L _total ＝αL _emo +(1-α)L _gen (10)

wherein L is _emo And L _gen Respectively a loss function of speech emotion recognition and gender recognition, and alpha is a weight coefficient of the loss function of emotion recognition; by combining L _total And performing back propagation and gradient updating on the whole network.

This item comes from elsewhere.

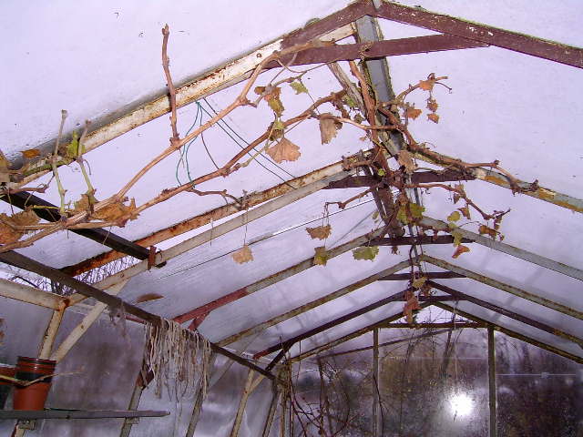 Habe mal versucht, ein Foto von meinem Weinstock im Glashaus zu machen - viel erkennen kann man zwar nicht, ich habe aber schon gemerkt, daß ich 2 lange Haupttriebe stehen gelassen habe. Da werde ich mich wohl von einem trennen müssen.Ein bißchen Zeit ist ja noch, obwohl ich schon bissl ausgelichtet habe.Die Nachbarschaft mit Tomaten und Gurken sollte nicht hinderlich sein!?

5. The method for recognizing speech emotion based on attention mechanism and multitask learning as claimed in claim 1, characterized in that: step 4, the implementation of the test set speech emotion data recognition comprises the following steps:

step 41: in order to embody the processing capacity of the LSTM _ att on time sequence data, an LSTM-MTL comparison experiment is designed, the number of LSTM layers is the same as that of nodes and a text model, and emotion and gender are identified; determining values of weight coefficients of two task loss functions, identifying speech emotion as a main task, so that the corresponding weight of the main task is greater than that of a gender identification task, and setting an initial value of alpha to be 0.9 in an experiment; finding the weight with the highest identification accuracy rate by adjusting the weight and testing on the verification set; as shown in fig. 1, the LSTM _ att-MTL and LSTM-MTL weights α take values of 0.8 and 0.6, respectively;

step 42: in order to reflect the performance improvement of multi-task learning compared with single-task learning, a single-task comparison experiment LSTM _ att-STL is designed, and the emotional tasks are identified on the premise of keeping other parameters the same;

step 43: in order to select the most appropriate layer number of LSTM _ att in the LSTM _ att-MTL, three experiments are simultaneously set on a verification set, wherein the layer number of LSTM is 2, 3 and 4 respectively; the experimental result is shown in fig. 2, and the increase of the number of LSTM layers improves the efficiency of time domain feature extraction, as shown in table 5, the recognition accuracy of 2 layers of LSTM _ att is 93.1%, the recognition accuracy of 3 layers of LSTM _ att is 92.8%, and the recognition accuracy of 4 layers of LSTM _ att is 92.1%, so 2 layers of LSTM _ att are selected for the experiment.